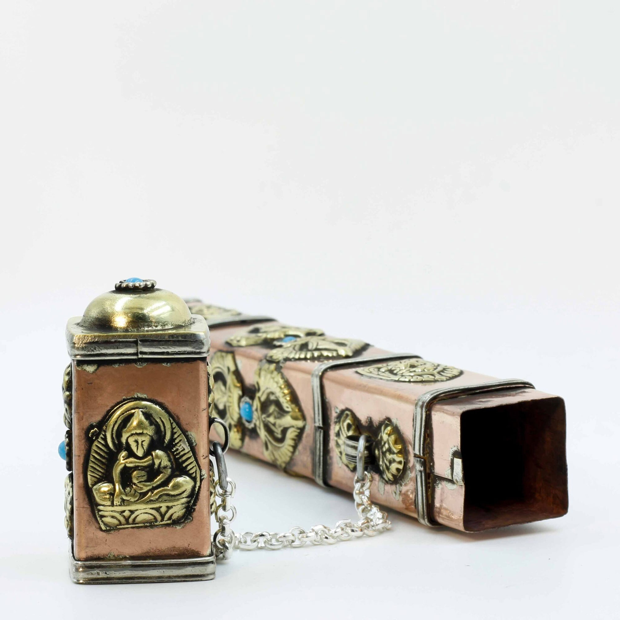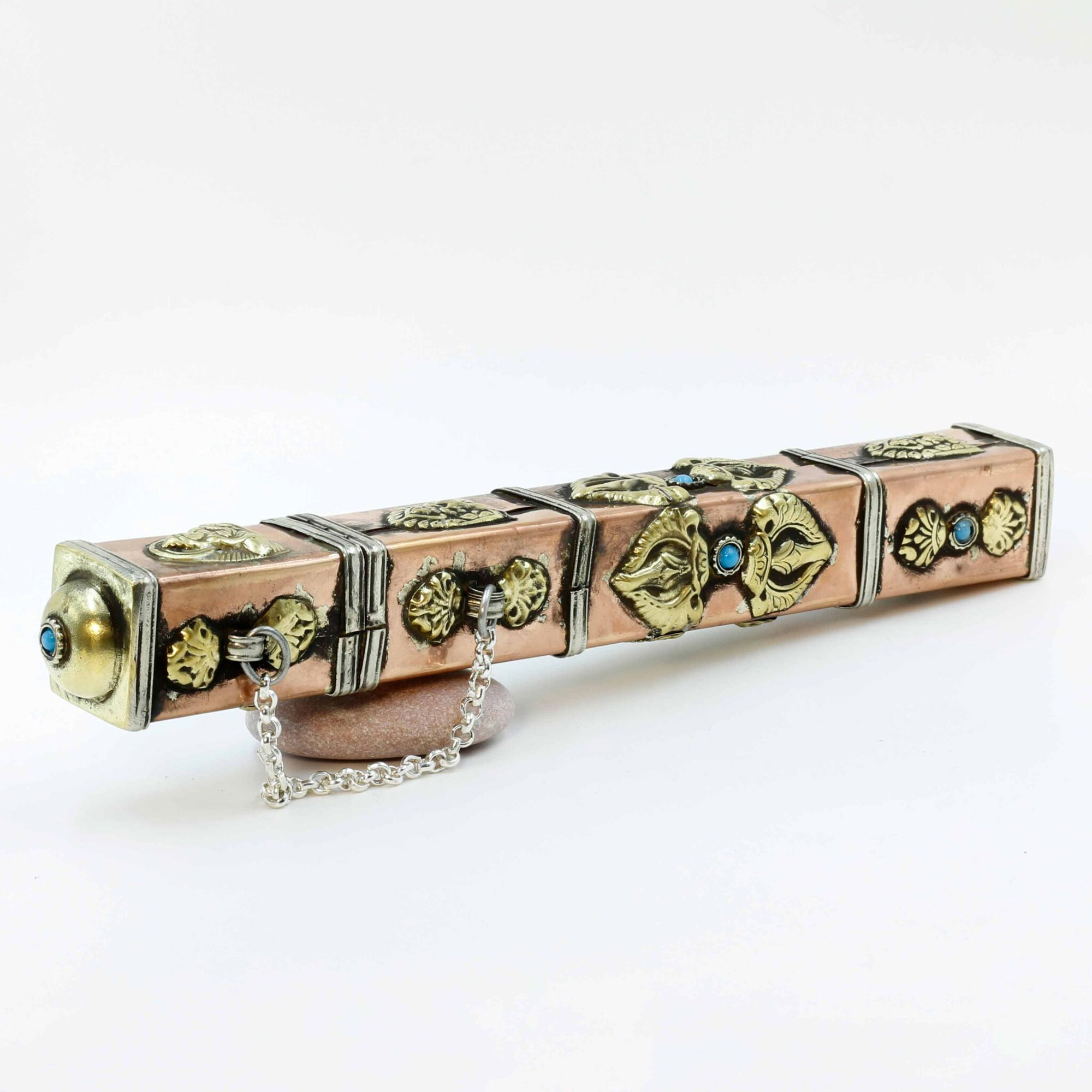 - Intricately engraved with sacred Tibetan symbols, including the Endless Knot
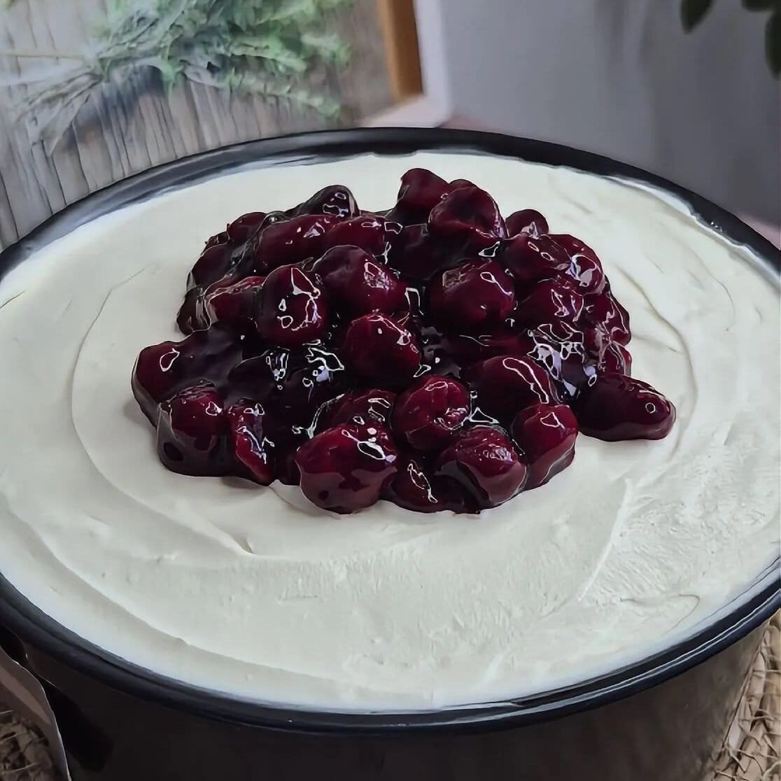 It is not just fruit spooned over the cream. The cherries are cooked lightly with sugar, then thickened so they stay in place. That means you get distinct layers instead of juice running into the cream.
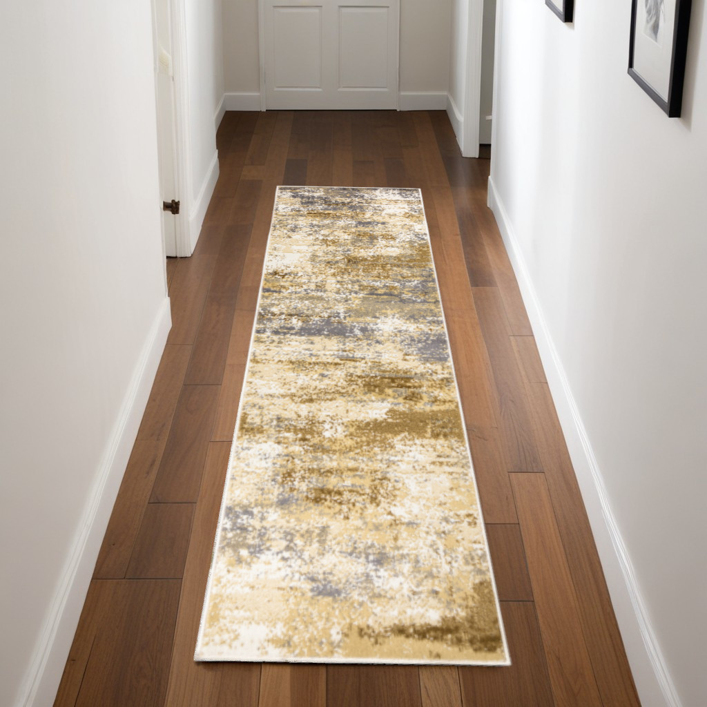 Add great coloration and comfortable texture to your space with this 8-foot beige and blue abstract runner rug. Built to last, this rug crafted from polypropylene fibers is known for its durability and long lasting appeal. Rugs are a great way to showcase your style, hide imperfections, warm your home and reduce noise. This rectangular shaped rug features a abstract design that will add a functional and decorative accent to your space. This modern style runner makes a great accent for the hallway, in front of cabinets, in the laundry room, or any other space you need a narrow and long rug. 27-inch h x 90-inch w x 0.5-inch d.
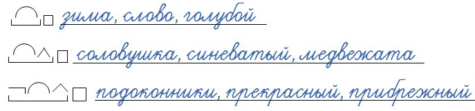 Рассмотрите схемы. Подберите к ним слова с таким же составом. Запишите.
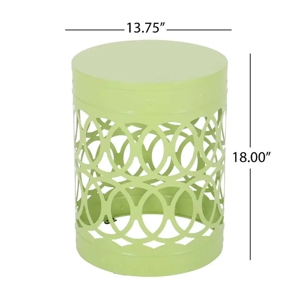 Cavinas Outdoor Side Table With Iron Cut Design And Powder-coated Iron Frame,patio End Table For Courtyard,garden,balcony,green
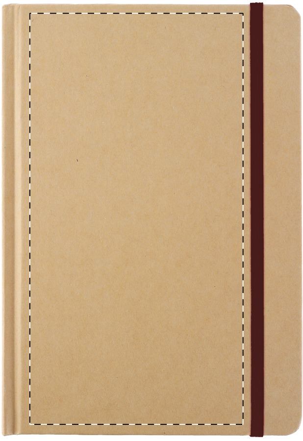 Quaderno in carta riciclata con copertina rigida, 100 fogli bianchi, segnalibro in colore naturale ed elastico in gomma. Formato A5.
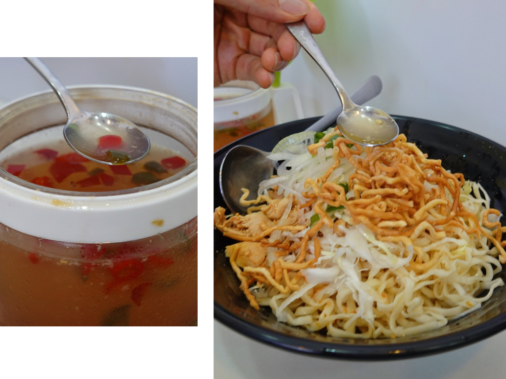 而閃麵的醬汁較想像中來的清淡與清爽許多,這裡的老饕吃法就是再加上店家特製的檸檬辣椒醬,而且要加五六瓢以上才夠味,重香氣而非鹹味與辣味。
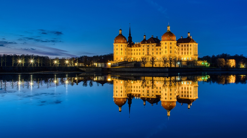 Das prachtvolle Barockschloss Moritzburg zählt zu den schönsten Wasserschlössern in Sachsen. Inmitten einer weitläufigen Teich- und Parkanlage beherbergt das Schloss eine der bedeutendsten Jagdtrophäensammlungen Europas und das „Federzimmer“, welches mit über einer Million farbiger Vogelfedern geschmückt ist. Das märchenhafte Schloss in der Nähe von Dresden diente auch als zauberhafte Kulisse des legendären Films „Drei Haselnüsse für Aschenbrödel“. Als Zeitpunkt für diese Aufnahme entschied sich Günther Lamm für die blaue Stunde, um die Farbe des Himmels mit den Spiegelungen der Schlossanlage im See wirkungsvoll in Szene zu setzen.
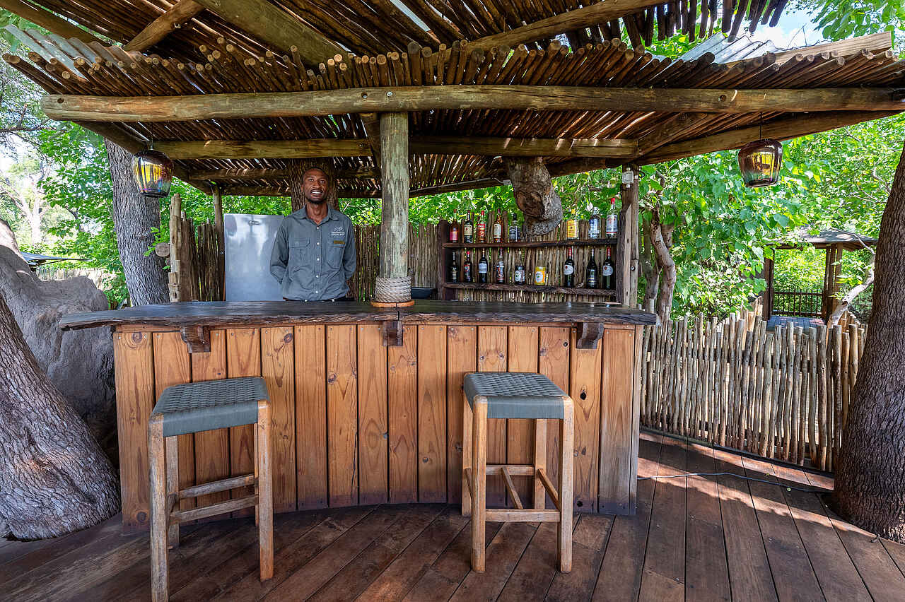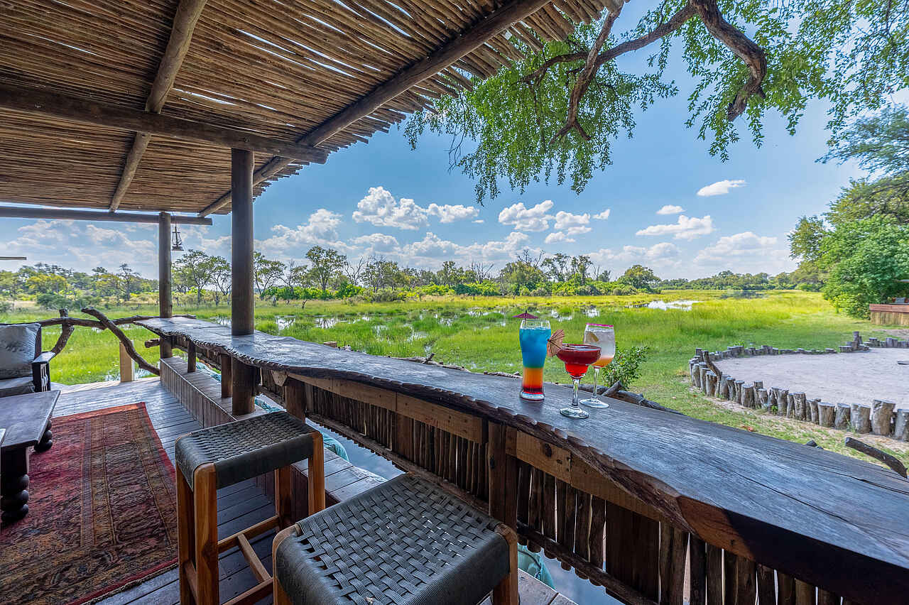 Im zentralen Bereich der Lodge lädt eine Lounge mit herrlichem Blick auf die Lagune zum Verweilen ein. Eine stilvolle Bar serviert erfrischende Getränke, während die großzügige Außenterrasse der ideale Ort ist, um den Tag mit einem Sundowner ausklingen zu lassen. Am Abend kann man sich an der Boma treffen, um in gemütlicher Runde die Eindrücke des Tages auszutauschen.
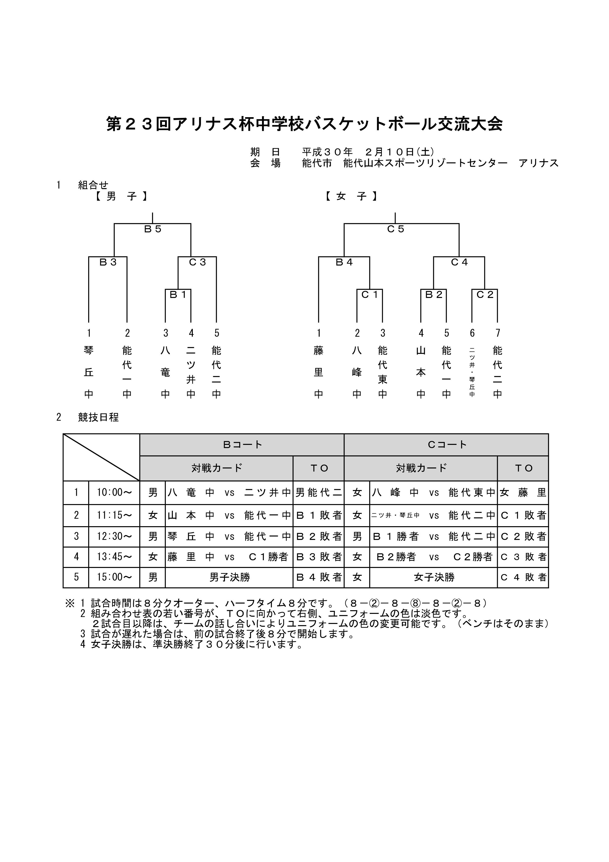 2018年2月10日(土)~11日(日)にアリナスで開催予定だった第23回アリナス杯中学校バスケットボール交流大会について、インフルエンザによる参加辞退の申出があったことから、2月10日(土)のみの開催となり、併せて組合せも変更になっていますのでお知らせします。

═══

# WHAT YOU ARE ASKED TO DO
Would you please output the listing above exactly, leaving out the pictures?

# ANSWER SECTION
 - Intricately engraved with sacred Tibetan symbols, including the Endless Knot
 It is not just fruit spooned over the cream. The cherries are cooked lightly with sugar, then thickened so they stay in place. That means you get distinct layers instead of juice running into the cream.
 Add great coloration and comfortable texture to your space with this 8-foot beige and blue abstract runner rug. Built to last, this rug crafted from polypropylene fibers is known for its durability and long lasting appeal. Rugs are a great way to showcase your style, hide imperfections, warm your home and reduce noise. This rectangular shaped rug features a abstract design that will add a functional and decorative accent to your space. This modern style runner makes a great accent for the hallway, in front of cabinets, in the laundry room, or any other space you need a narrow and long rug. 27-inch h x 90-inch w x 0.5-inch d.
 Рассмотрите схемы. Подберите к ним слова с таким же составом. Запишите.
 Cavinas Outdoor Side Table With Iron Cut Design And Powder-coated Iron Frame,patio End Table For Courtyard,garden,balcony,green
 Quaderno in carta riciclata con copertina rigida, 100 fogli bianchi, segnalibro in colore naturale ed elastico in gomma. Formato A5.
 而閃麵的醬汁較想像中來的清淡與清爽許多,這裡的老饕吃法就是再加上店家特製的檸檬辣椒醬,而且要加五六瓢以上才夠味,重香氣而非鹹味與辣味。
 Das prachtvolle Barockschloss Moritzburg zählt zu den schönsten Wasserschlössern in Sachsen. Inmitten einer weitläufigen Teich- und Parkanlage beherbergt das Schloss eine der bedeutendsten Jagdtrophäensammlungen Europas und das „Federzimmer“, welches mit über einer Million farbiger Vogelfedern geschmückt ist. Das märchenhafte Schloss in der Nähe von Dresden diente auch als zauberhafte Kulisse des legendären Films „Drei Haselnüsse für Aschenbrödel“. Als Zeitpunkt für diese Aufnahme entschied sich Günther Lamm für die blaue Stunde, um die Farbe des Himmels mit den Spiegelungen der Schlossanlage im See wirkungsvoll in Szene zu setzen.
 Im zentralen Bereich der Lodge lädt eine Lounge mit herrlichem Blick auf die Lagune zum Verweilen ein. Eine stilvolle Bar serviert erfrischende Getränke, während die großzügige Außenterrasse der ideale Ort ist, um den Tag mit einem Sundowner ausklingen zu lassen. Am Abend kann man sich an der Boma treffen, um in gemütlicher Runde die Eindrücke des Tages auszutauschen.
 2018年2月10日(土)~11日(日)にアリナスで開催予定だった第23回アリナス杯中学校バスケットボール交流大会について、インフルエンザによる参加辞退の申出があったことから、2月10日(土)のみの開催となり、併せて組合せも変更になっていますのでお知らせします。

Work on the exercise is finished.